If scikit‑learn is present, TF‑IDF is used; otherwise a hashing vector fallback is enabled.


🚀 Quickstart (Local)

0) Create venv & install

python -m venv .venv && source .venv/bin/activate
pip install -r requirements.txt

1) Phase 1 — Tail logs → unified.jsonl

Real system logs (recursive):

python phase1_tail_logs.py \
  --root /var/log \
  --out unified.jsonl \
  --rescan 3.0

Demo mode (safe, portable):

python phase1_tail_logs.py \
  --root ./demo_root \
  --out unified.jsonl \
  --rescan 3.0 \
  --demo --demorate 0.5

2) Phase 2 — Pathway detections → normalized/events + anomalies

python phase2_soc_pathway.py \
  --infile unified.jsonl \
  --alerts anomalies.jsonl \
  --events events_norm.jsonl \
  --bucket 30

Outputs generated:

  • events_norm.jsonl
  • anomalies.jsonl
  • anomalies_bf.jsonl
  • anomalies_scan.jsonl
  • anomalies_exfil.jsonl

3) Phase 3 — RAG index + ask

Index (fast, offline TF‑IDF):

rm -rf rag
python phase3_rag.py index \
  --events events_norm.jsonl \
  --anomalies "anomalies*.jsonl" \
  --persist ./rag \
  --provider tfidf

Ask with deterministic summaries (no LLM):

python phase3_rag.py ask "what anomalies in the last 5 mins?" \
  --persist ./rag \
  --provider tfidf \
  --pretty --no-alerts --explain

Ask with Gemini explanations (LLM summaries):

export GEMINI_API_KEY="YOUR_API_KEY"

# Non‑streaming:
python phase3_rag.py ask "brute force on alice today" \
  --persist ./rag \
  --provider tfidf \
  --pretty --no-alerts \
  --llm --llm-mode gemini

# Streaming output (if supported by your build):
python phase3_rag.py ask "what anomalies in the last 5 mins?" \
  --persist ./rag \
  --provider tfidf \
  --pretty --no-alerts \
  --llm --llm-mode gemini --stream

Recommended demo path: TF‑IDF for retrieval + Gemini for explanations only.
Keeps cost down and latency tight.


🧩 Environment Variables

# Required only if you use Gemini for embeds or explanations:
export GEMINI_API_KEY="..."

# Optional overrides:
export GEMINI_EMBED_MODEL="text-embedding-004"
export GEMINI_CHAT_MODEL="gemini-1.5-flash"

🗂️ Repo Layout

phase1_tail_logs.py     # Tails logs recursively; optional demo producers
phase2_soc_pathway.py   # Pathway pipeline: normalize + detections
phase3_rag.py           # Indexing + RAG query + optional LLM explanations
requirements.txt

🔧 Extending Inputs

  • Add new parsers in Phase 1 (e.g., Okta, M365, CloudTrail, Nginx).
  • Normalize to the core fields:
    • ts, etype, severity, stream, user, ip, src, dst, dpt, path, bucket, raw
  • Phase 2 & 3 will automatically incorporate the new streams.

🛡️ Security Notes

  • Keep unified.jsonl and events_norm.jsonl on‑prem or redacted.
  • LLM step only sends cluster summaries + a few sample lines (configurable).
  • Prefer TF‑IDF retrieval for offline / air‑gapped setups.

❓ FAQ

Q: Can I run Phase 3 with Gemini embeddings and TF‑IDF fallback?
A: Yes.

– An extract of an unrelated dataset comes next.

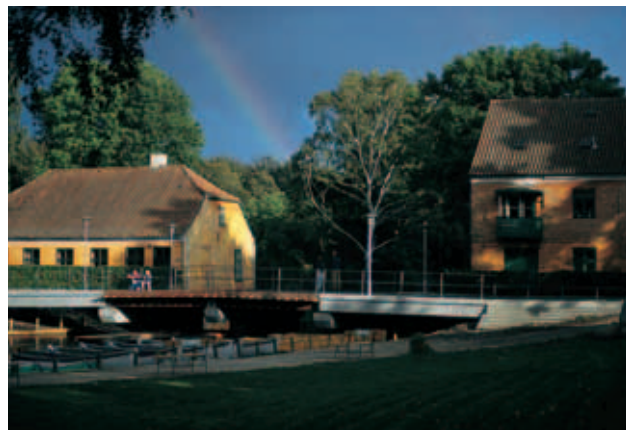
Møllen og slusen ved Frederiksdal.

I forbindelse med anlægget af fæstningskanalen blev møl- len eksproprieret for at give plads til en sluse.

Use --provider gemini to embed, but we recommend TF‑IDF for fast demos, then --llm --llm-mode gemini for explanations.

Q: Why Pathway?
A: Deterministic, low‑latency streaming transformations with strong typing and windowed aggregations — perfect for SOC pipelines.

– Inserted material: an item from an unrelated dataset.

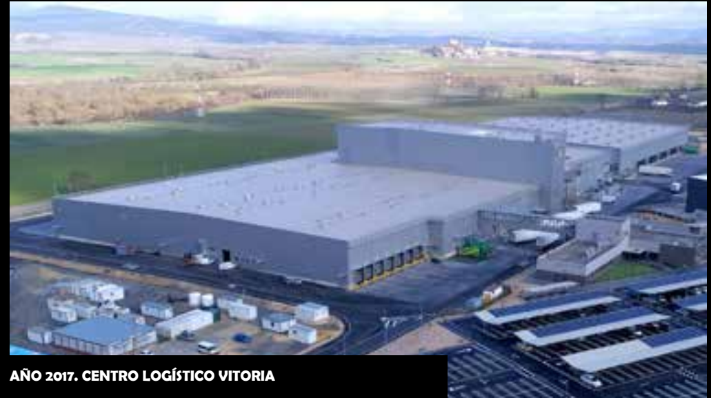
AÑO 2017. CENTRO LOGÍSTICO VITORIA

-9.000 m2 de cubierta deck acabada con lámina TPO de 1,8mm. -5.000 m2 de cerramiento de fachada de panel sándwich.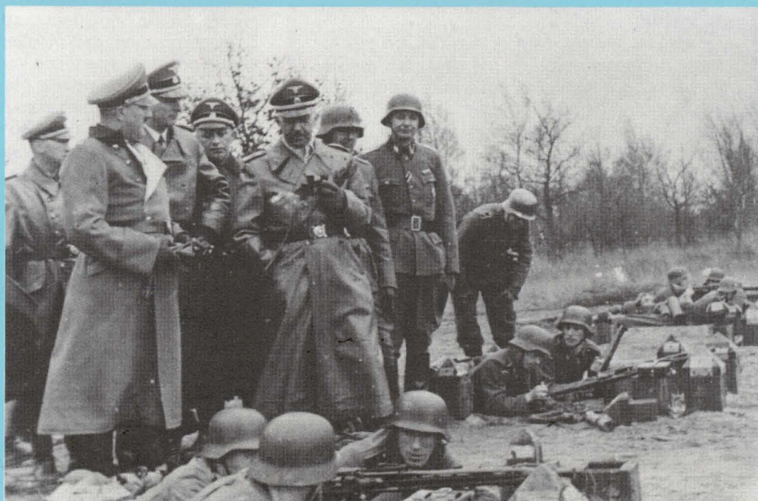
Heinrich Himmler inspiziert 1944 in den Niederlanden europäische Freiwillige der Waffen-SS während ihrer Kampfausbildung.

Q: How do I point to a different log root?
A: Use --root /path/to/logs in Phase 1. It will recurse **/*.log.


🧪 Troubleshooting

  • No unified.jsonl?
    Ensure Phase 1 is running and writing to the same path you pass into Phase 2.

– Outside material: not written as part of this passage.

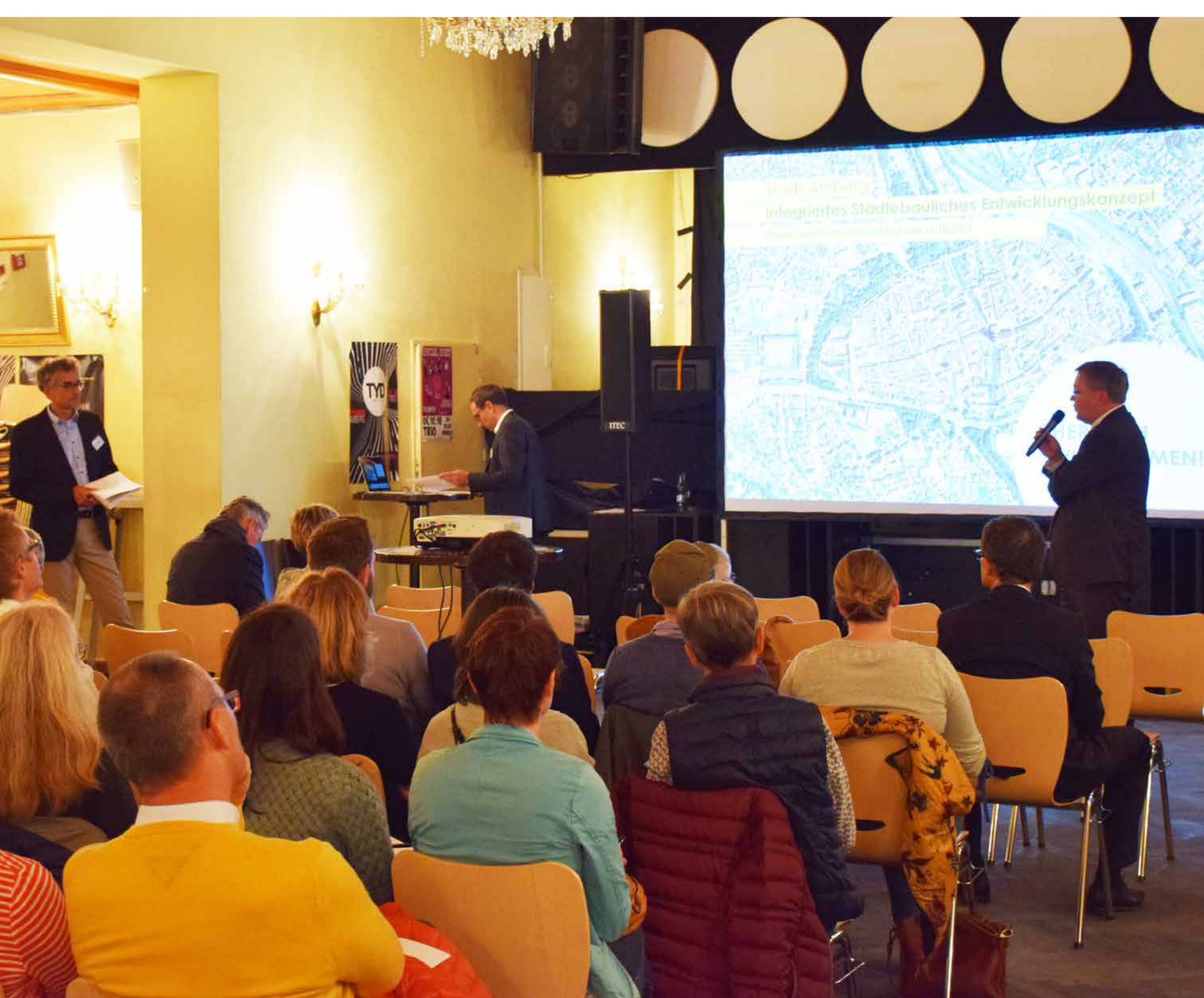
Impressionen aus der Planungswerkstatt

Neben den zahlreichen Veranstaltungen im Rahmen des ISEK-Prozesses konnten sich die Bürger*innen kontinuierlich über die städtische Homepage, diverse Zeitungsartikel und Flyer über den aktuellen Planungsprozess informieren. Daneben bestand für die Bürger*innen die Möglichkeit, über die Projektemailadresse direkten Kontakt mit den Planer*innen aufzunehmen. Zusätzlich konnten sich interessierte Bürger*innen auf einen Informationsverteiler setzen lassen, um direkt per E-Mail über aktuelle Veranstaltungen im Rahmen des ISEK informiert zu werden.

  • Pathway typing errors in Phase 2:
    We map every field to explicit types; make sure Phase 1 normalization emits valid values. If you added a new parser, conform to the schema.

  • Gemini “Explanation unavailable”:
    Check GEMINI_API_KEY. If safety errors occur, use the deterministic --explain flag or relax safety settings in phase3_rag.py (see _build_gemini_model).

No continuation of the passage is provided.